Una poesia, dunque, (da Canti barocchi a Gioco a nascondere, da Plumelia alla postuma La seta) che non è soltanto descrittiva, come lo stesso Montale aveva azzardato a timore di future involuzioni, ma che indugia sulle cose, sulle forme e le figure per fermarne in una visione il trascorrere, coglierne il trasmigrare repentino verso altro sembiante, altro grumo di tempo che si stempera in fantasie di crepuscolo o si tinge del nero d’un “buio di cisterna”.

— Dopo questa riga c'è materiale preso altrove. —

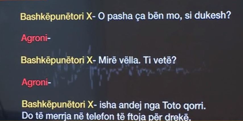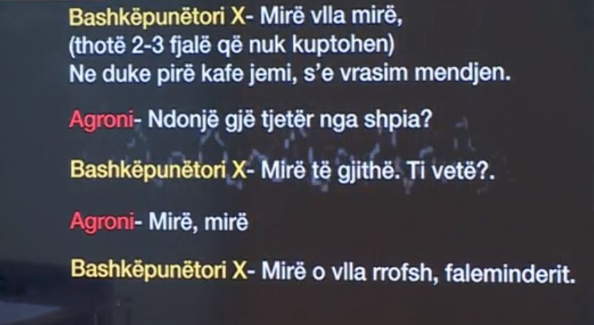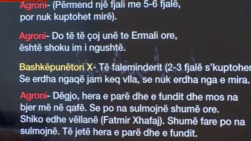 Biseda është përgjim ambiental dhe dëgjohet vetëm bashkëpunëtori X që po flet në telefon me Agronin.
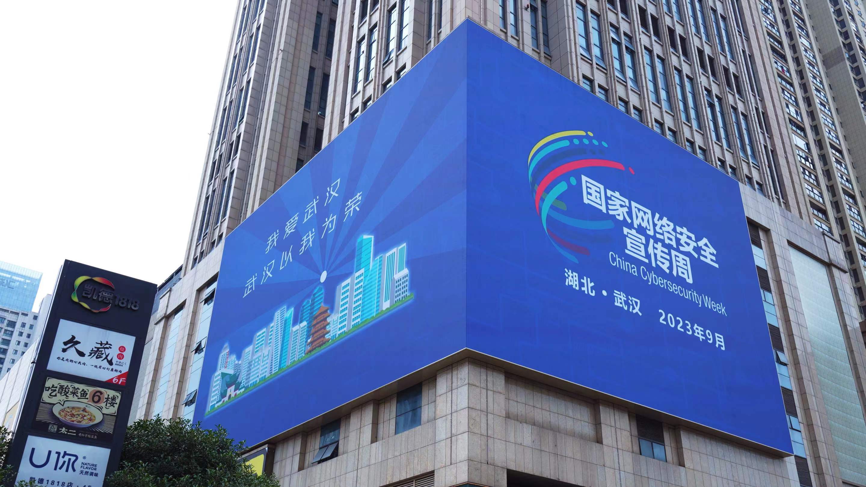 据市委网信办相关负责人介绍,网络安全主题长江灯光秀是2023年武汉市国家网络安全宣传周的一大新亮点。此外,“七屏”联动更加深入人心。它利用广播电视、手机终端、岚图智能网联汽车等各种媒介,通过开屏视频、视频彩铃等方式,展示网安周主题海报并播放主题宣传片。核心商圈的户外LED大型屏幕、室内反电诈宣传机,以及地铁电视和公交站点的显示屏,全天滚动播放网络安全和网络文明公益视频,网络安全宣传覆盖数亿人次。
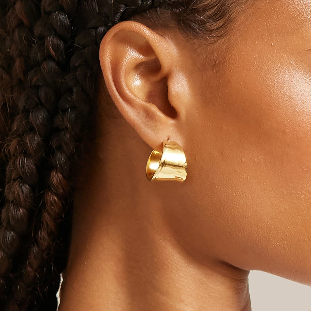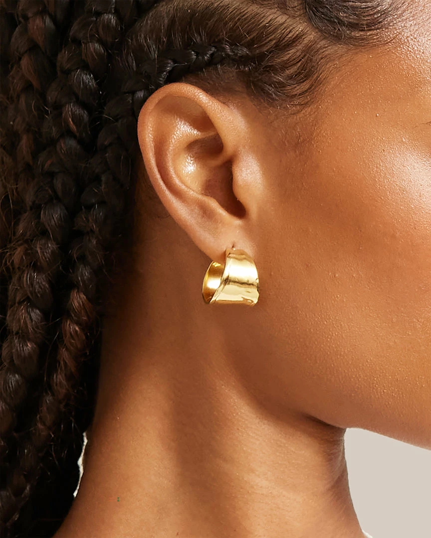 These hand formed and casted earrings have a molten texture that adds a bold shine to any outfit.

Quella di Piccolo potrebbe pertanto dirsi una particolare predisposizione psicologica, un rifugiarsi nell’oscurità e nella penombra per ritrovare quanto si è perduto, per esorcizzare il tempo, l’angoscia della morte. Una predilezione per l’oscurità che accentua il sogno, che sfuma i contorni degli oggetti e si pone a contrasto della troppa luce – la mediterranea, cruda, violenza del sole – che lo circonda. E nel buio, al chiarore soffuso d’una fiammella a petrolio (non volle far attaccare la corrente elettrica nella sua camera) il quotidiano si rarefà, trapassa nel magico, nel mitologico, e usa del linguaggio come d’uno strumento per confondere, o meglio, sopportare, il tormento del vivere.

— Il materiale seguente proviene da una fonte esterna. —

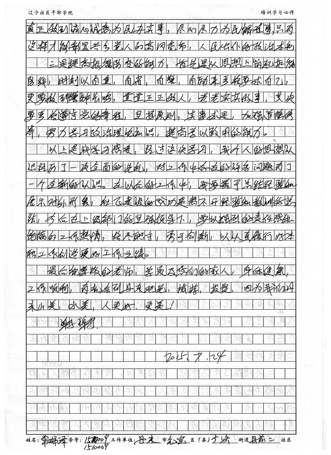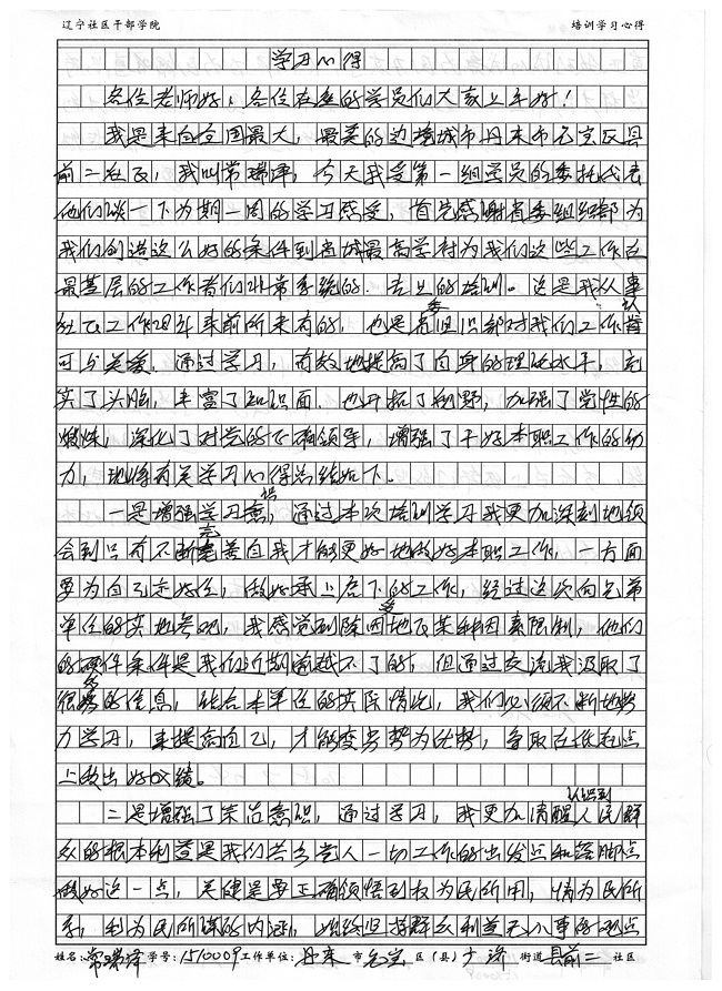 丹东市元宝区广济街道县前二社区常瑞泽培训学习心得

“Scrivevo versi come altri passeggia o sta alla finestra: era un fatto naturale” dice di sé. Un fatto naturale che però attinge al pozzo della sapienza, di una conoscenza che spazia dalla musica all’arte, la filosofia, l’esoterismo, la matematica, il cinema, la poesia, la letteratura (conosceva nella lingua originale i classici latini e greci e recitava a memoria i poemi omerici). E a proposito di letteratura, è il cugino Lampedusa, sin dalla prima giovinezza, il suo immediato allelo e rivale. “C’era fra noi” racconta il barone “una sorta di gara a chi fosse più abile scopritore di interessanti novità. Ricordo che fu così a proposito del grande poeta Yeats, il grande poeta d’Irlanda che fui io il primo a leggerlo, prima ancora di Lampedusa, quando ancora Yeats non aveva avuto il premio Nobel”. E le meditazioni infinite su Rilke, Joyce, Mann, Proust. E gli anglosassoni, quel Dylan Thomas che disse a Montale di non conoscere e sulle cui pagine, invece, si era lungamente esercitato. E gli spagnoli: “Sul mio altare c’è Lope De Vega”. Ma anche Montale, i cui versi contribuirono a scardinare la preparazione classicistica, liceale, appassionata e ingenua del barone: “Ossi di seppia coi loro ritmi costanti, incisivi, espressione di una vita interiore reattiva e drammatica, furono in me il primo distacco, la prima influenza che doveva svolgersi e durare in quella che credo essere la mia personalità di oggi”.
Una personalità ben complessa, che va oltre il ciarpame aneddotico (di pessimo gusto quello relativo alle vicende della sua tarda paternità) e brucia il silenzio. Uno strano poeta, fuori dal tempo in quella casa attraversata dal “meridiano della solitudine” dove si gela d’inverno e nonostante ciò si mangiano gelati al gelsomino, e dove gli spifferi parlano greco, Gide conversa con Proust e Joyce rincorre l’ectoplasma d’un cane fedele, e ciotole d’acqua sono sparse a ogni angolo per rinvigorire gli spiriti esausti. E dove la risacca del mare – l’azzurrino mare d’Orlando – seguita a riplasmare le stesse storie.